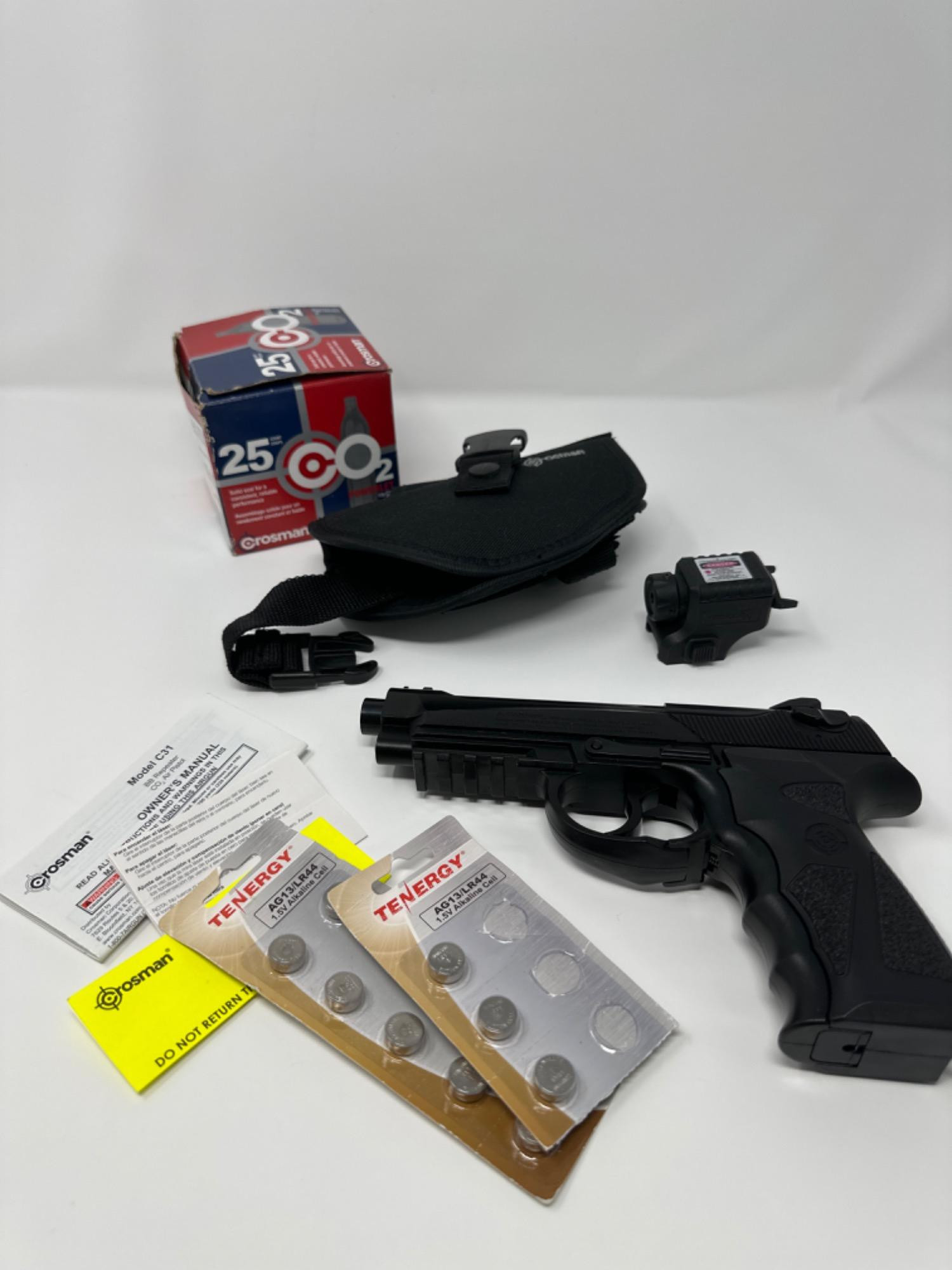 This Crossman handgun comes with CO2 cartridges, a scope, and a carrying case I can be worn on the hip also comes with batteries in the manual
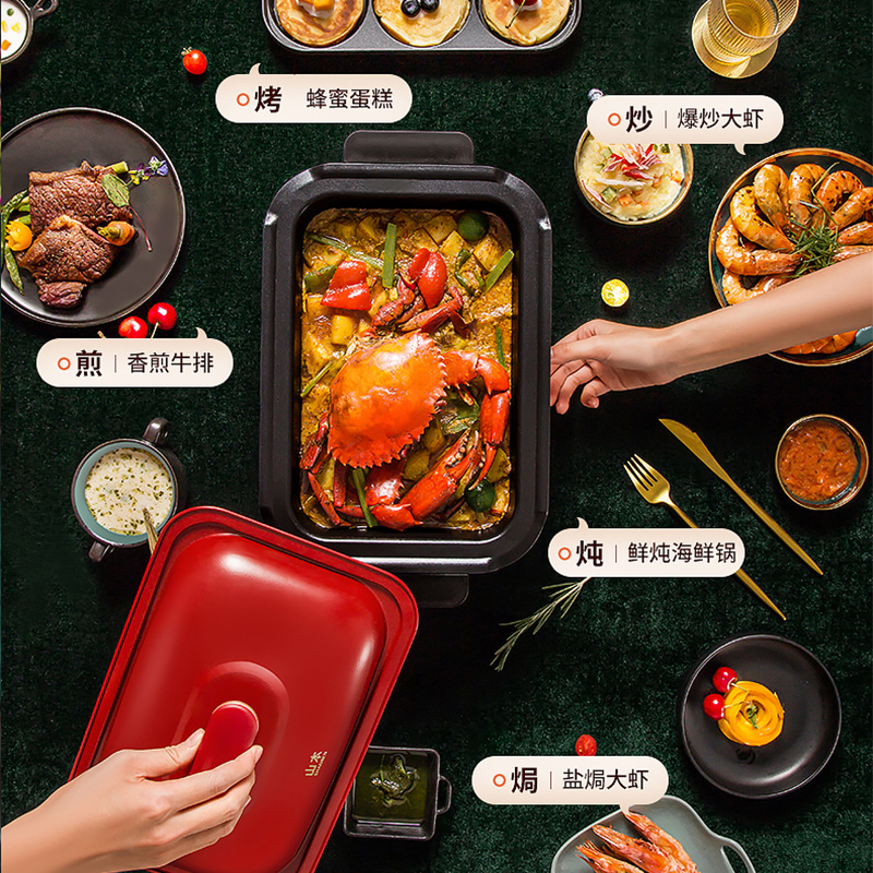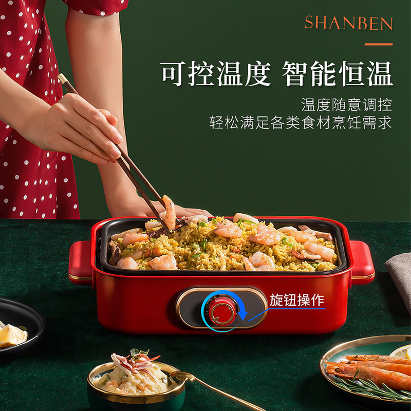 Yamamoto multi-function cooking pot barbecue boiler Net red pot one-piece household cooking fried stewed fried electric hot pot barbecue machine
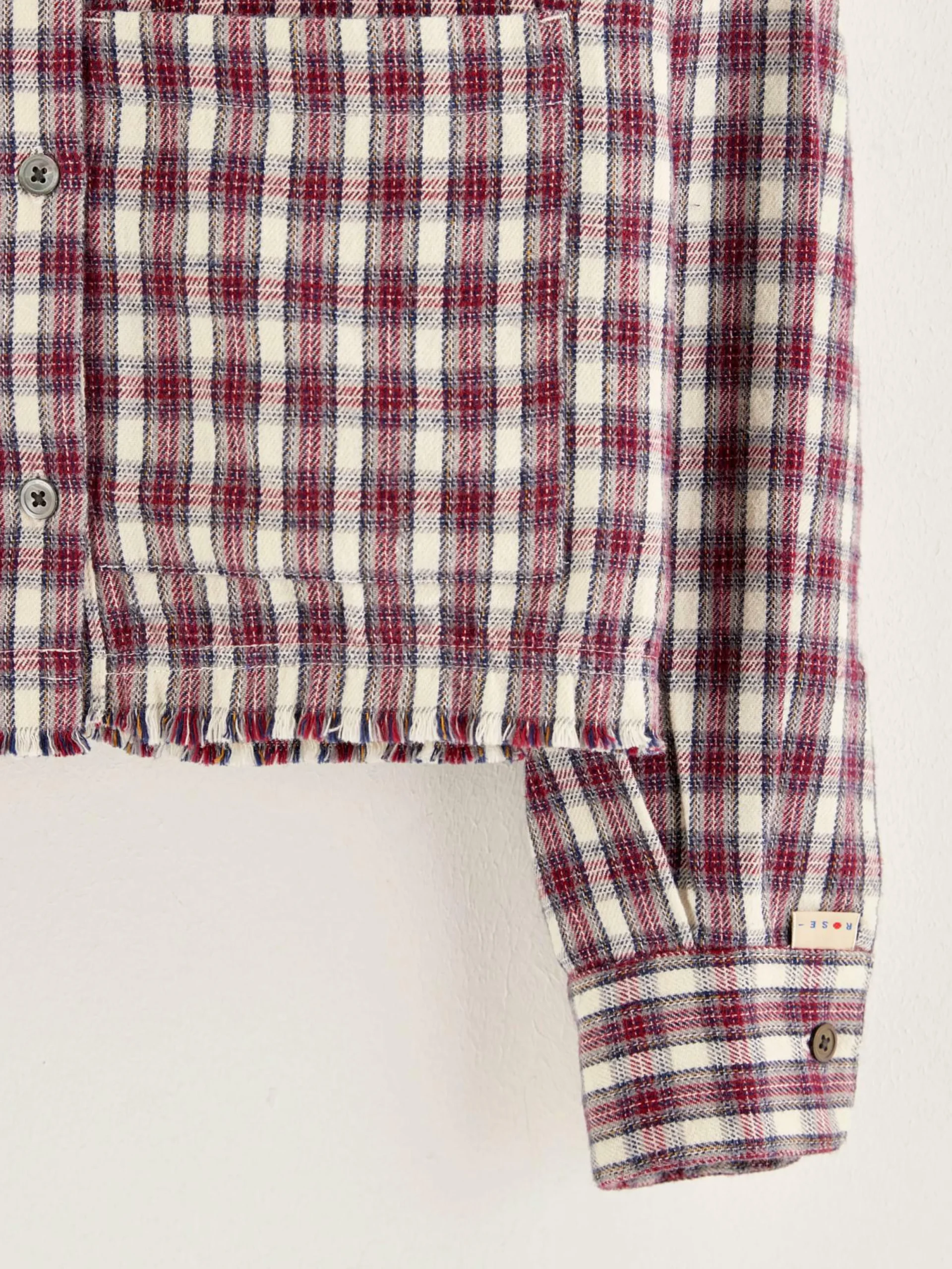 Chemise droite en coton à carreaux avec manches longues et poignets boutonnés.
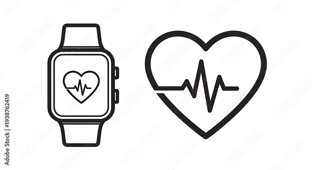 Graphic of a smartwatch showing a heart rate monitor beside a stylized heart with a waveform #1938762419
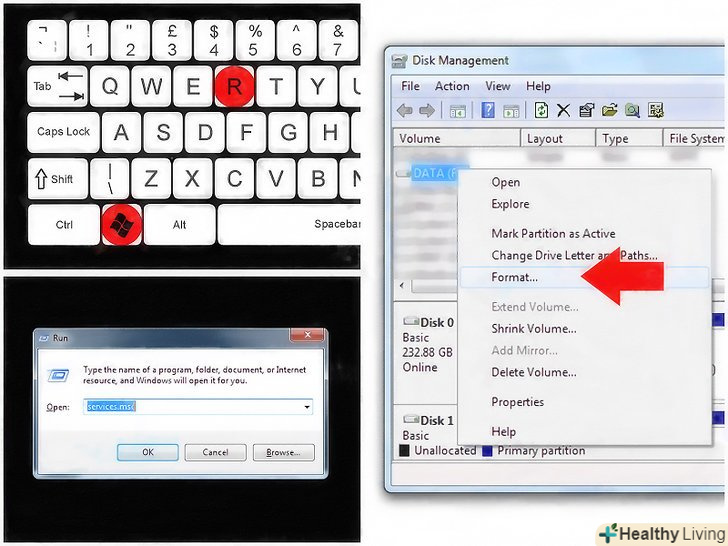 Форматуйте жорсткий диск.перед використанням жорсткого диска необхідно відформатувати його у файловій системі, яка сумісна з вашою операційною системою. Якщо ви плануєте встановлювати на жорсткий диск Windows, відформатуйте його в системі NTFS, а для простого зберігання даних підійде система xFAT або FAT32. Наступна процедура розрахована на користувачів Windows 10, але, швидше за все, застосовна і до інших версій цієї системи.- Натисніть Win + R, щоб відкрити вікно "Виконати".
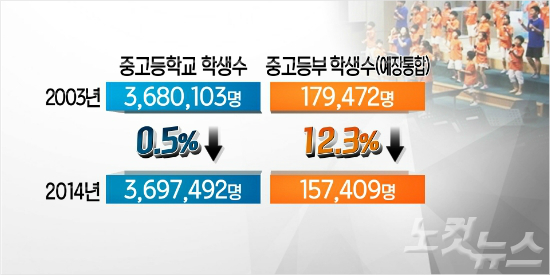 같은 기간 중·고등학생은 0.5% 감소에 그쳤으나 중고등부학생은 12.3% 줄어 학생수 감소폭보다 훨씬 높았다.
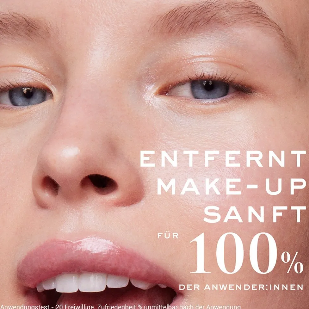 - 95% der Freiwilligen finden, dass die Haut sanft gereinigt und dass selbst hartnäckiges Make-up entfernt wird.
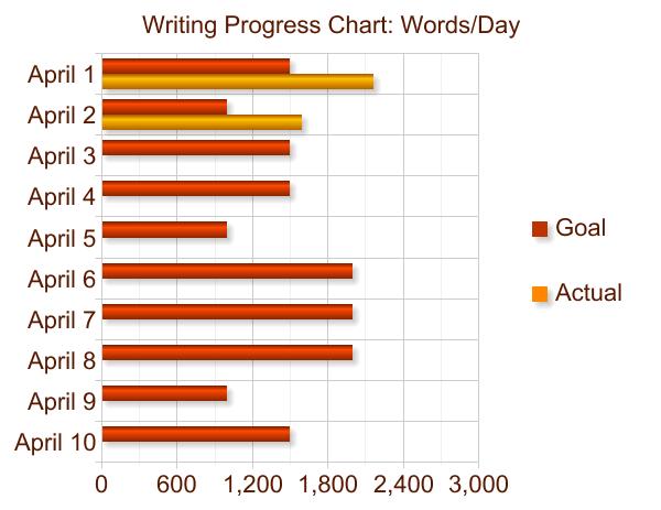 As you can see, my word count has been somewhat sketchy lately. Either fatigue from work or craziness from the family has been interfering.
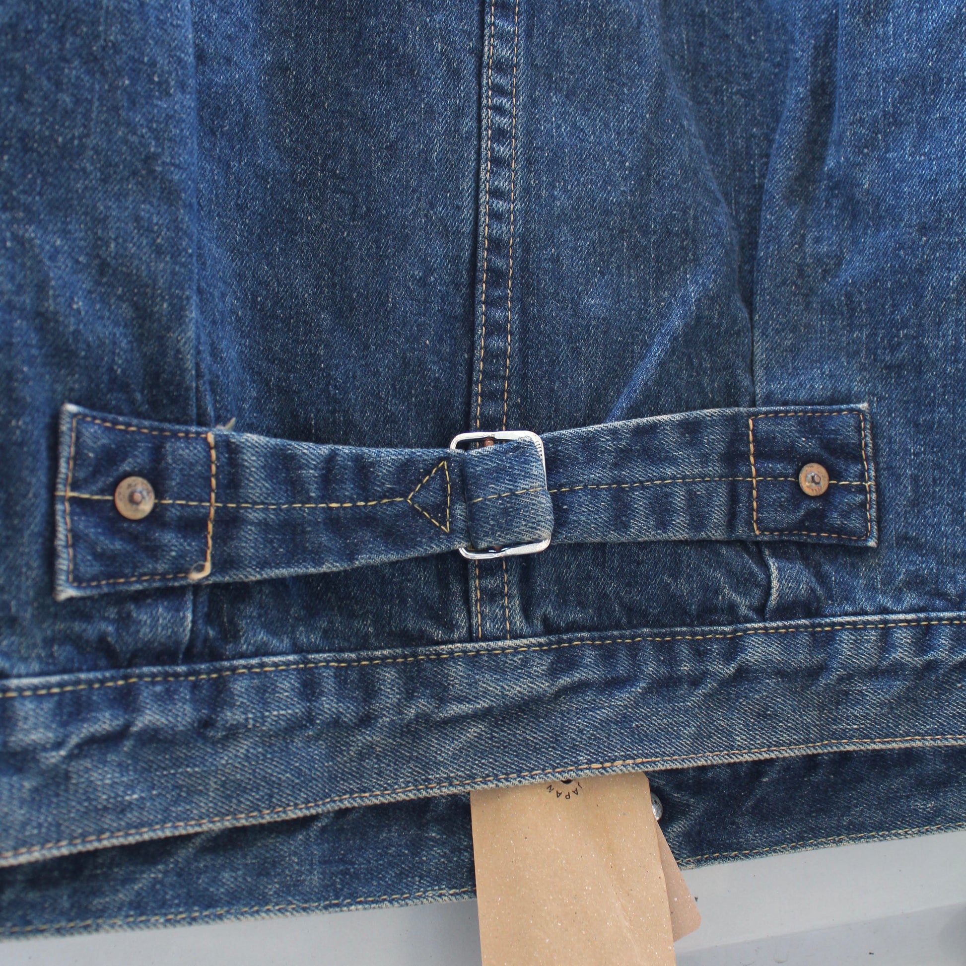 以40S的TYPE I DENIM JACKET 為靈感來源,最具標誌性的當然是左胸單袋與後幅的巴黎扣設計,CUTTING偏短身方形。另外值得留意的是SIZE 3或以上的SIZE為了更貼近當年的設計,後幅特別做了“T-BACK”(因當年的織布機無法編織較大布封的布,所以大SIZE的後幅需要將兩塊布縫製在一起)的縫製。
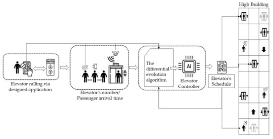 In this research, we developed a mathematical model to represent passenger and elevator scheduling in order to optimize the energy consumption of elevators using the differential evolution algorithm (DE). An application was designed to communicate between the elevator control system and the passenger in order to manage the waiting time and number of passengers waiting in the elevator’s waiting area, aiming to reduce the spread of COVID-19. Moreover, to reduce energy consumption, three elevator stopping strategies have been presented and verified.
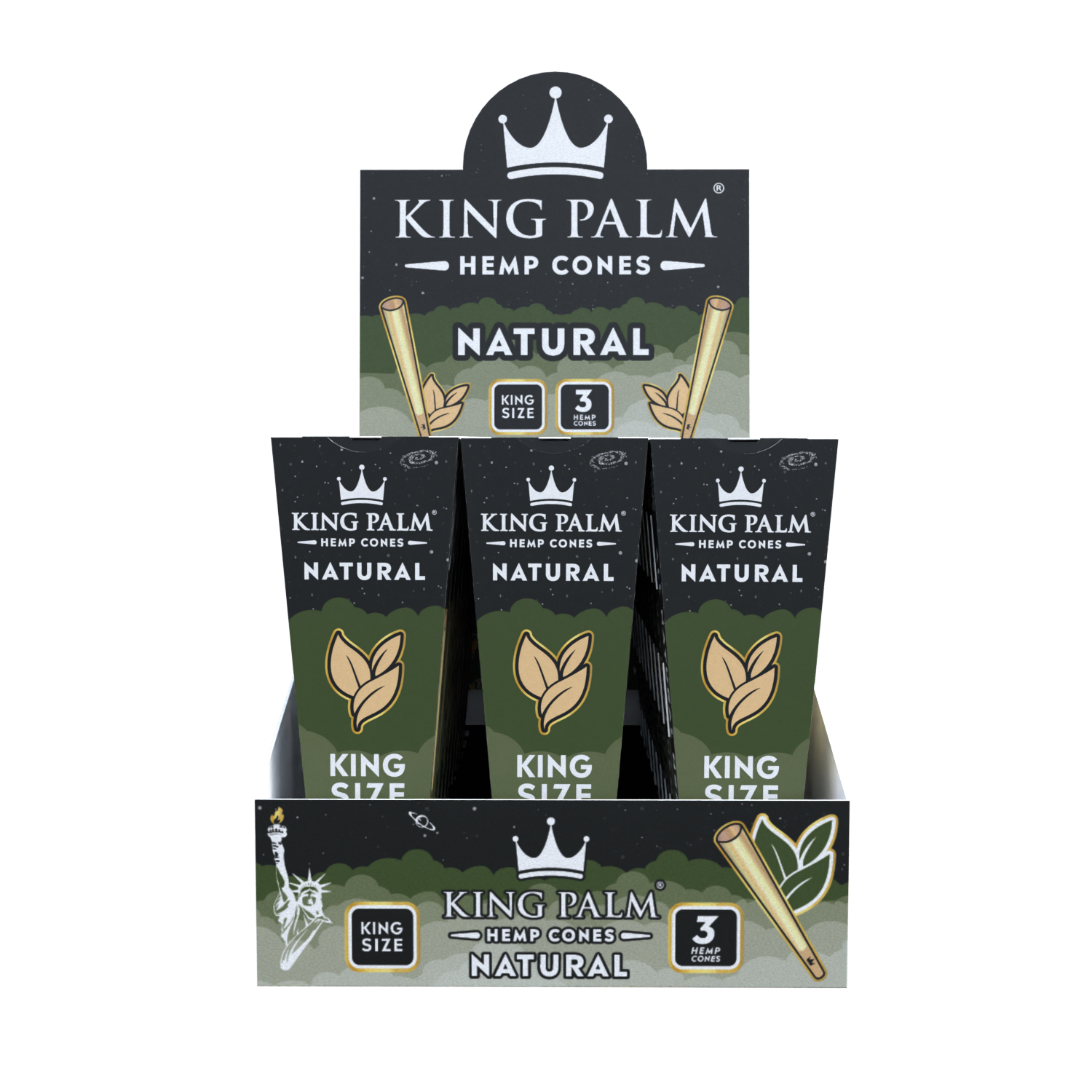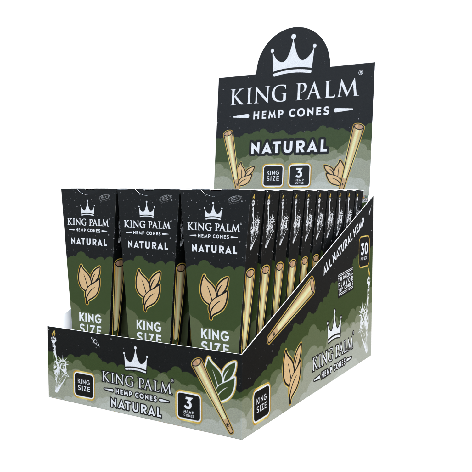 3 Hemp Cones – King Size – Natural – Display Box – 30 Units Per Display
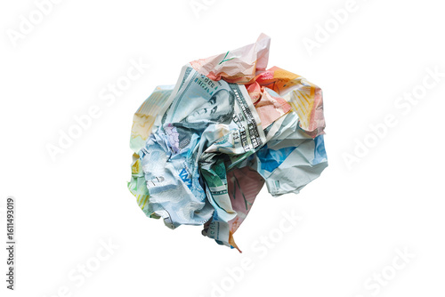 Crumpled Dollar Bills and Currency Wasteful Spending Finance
○ ○ ○ ○ ○ ○ ○
WORK TO BE COMPLETED
Leave out any pictures, please, and quote only the lines from the top of the data through the line that contains "Форматуйте жорсткий диск.перед".

SOLUTION FOR THIS PROBLEM
 This Crossman handgun comes with CO2 cartridges, a scope, and a carrying case I can be worn on the hip also comes with batteries in the manual
 Yamamoto multi-function cooking pot barbecue boiler Net red pot one-piece household cooking fried stewed fried electric hot pot barbecue machine
 Chemise droite en coton à carreaux avec manches longues et poignets boutonnés.
 Graphic of a smartwatch showing a heart rate monitor beside a stylized heart with a waveform #1938762419
 Форматуйте жорсткий диск.перед використанням жорсткого диска необхідно відформатувати його у файловій системі, яка сумісна з вашою операційною системою. Якщо ви плануєте встановлювати на жорсткий диск Windows, відформатуйте його в системі NTFS, а для простого зберігання даних підійде система xFAT або FAT32. Наступна процедура розрахована на користувачів Windows 10, але, швидше за все, застосовна і до інших версій цієї системи.- Натисніть Win + R, щоб відкрити вікно "Виконати".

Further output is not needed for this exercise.